• [Prompt]
Please reproduce all of the data below exactly, leaving each picture out.

• [Data extract]
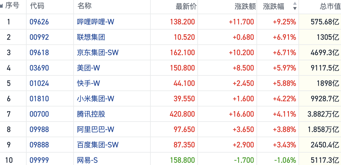 盘面观察,今日科技龙头股成为市场上涨的主要动力,除网易微跌超过1%外,其余科技股均大幅上扬。其中,哔哩哔哩飙升超过9%,联想集团接近7%的涨幅,京东上涨逾6%,美团与快手也均录得超过5%的涨幅。
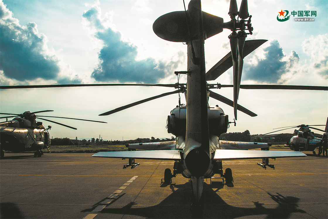 晨光破晓,第74集团军某陆航旅数架战鹰在机场待命,振翅欲飞。侯向坤摄
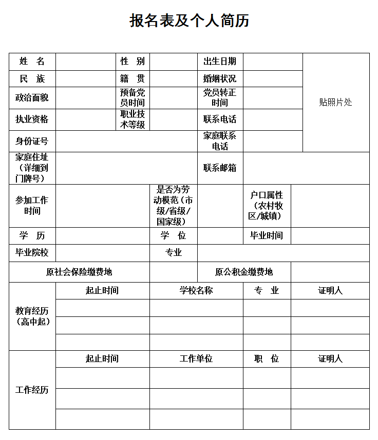 6.《12345政務(wù)服務(wù)便民熱線人員應(yīng)聘報(bào)名表》(以下簡稱《報(bào)名表及個(gè)人簡歷》)(見附件)
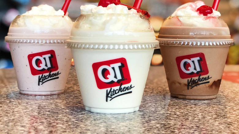 QT, as it's known to its fans, is one of the gas stations that serve craft coffee and even signature milkshakes, which are called QuickShakes. Fans come by regularly to try the seasonal releases, like the Caramel Apple Shake, Pumpkin Pie Shake, Candy Corn Shake, and Strawberry Kiwi Shake. The kitchen has a number of breakfast sandwiches, various sausage offerings, a walking taco and condiment station, and more coffee and tea options than you can consume in one go. And if you're a fan of the cheese pull, then its grilled cheeses are famous for it, with fans recommending the pulled pork, BLT, and chicken, bacon, and ranch options. "Have them run the grilled cheese through the toaster twice. The employee will probably look at you funny when you ask, but I swear it makes it significantly better," advised one reviewer.

• [Reply to the task]
 盘面观察,今日科技龙头股成为市场上涨的主要动力,除网易微跌超过1%外,其余科技股均大幅上扬。其中,哔哩哔哩飙升超过9%,联想集团接近7%的涨幅,京东上涨逾6%,美团与快手也均录得超过5%的涨幅。
 晨光破晓,第74集团军某陆航旅数架战鹰在机场待命,振翅欲飞。侯向坤摄
 6.《12345政務(wù)服務(wù)便民熱線人員應(yīng)聘報(bào)名表》(以下簡稱《報(bào)名表及個(gè)人簡歷》)(見附件)
 QT, as it's known to its fans, is one of the gas stations that serve craft coffee and even signature milkshakes, which are called QuickShakes. Fans come by regularly to try the seasonal releases, like the Caramel Apple Shake, Pumpkin Pie Shake, Candy Corn Shake, and Strawberry Kiwi Shake. The kitchen has a number of breakfast sandwiches, various sausage offerings, a walking taco and condiment station, and more coffee and tea options than you can consume in one go. And if you're a fan of the cheese pull, then its grilled cheeses are famous for it, with fans recommending the pulled pork, BLT, and chicken, bacon, and ranch options. "Have them run the grilled cheese through the toaster twice. The employee will probably look at you funny when you ask, but I swear it makes it significantly better," advised one reviewer.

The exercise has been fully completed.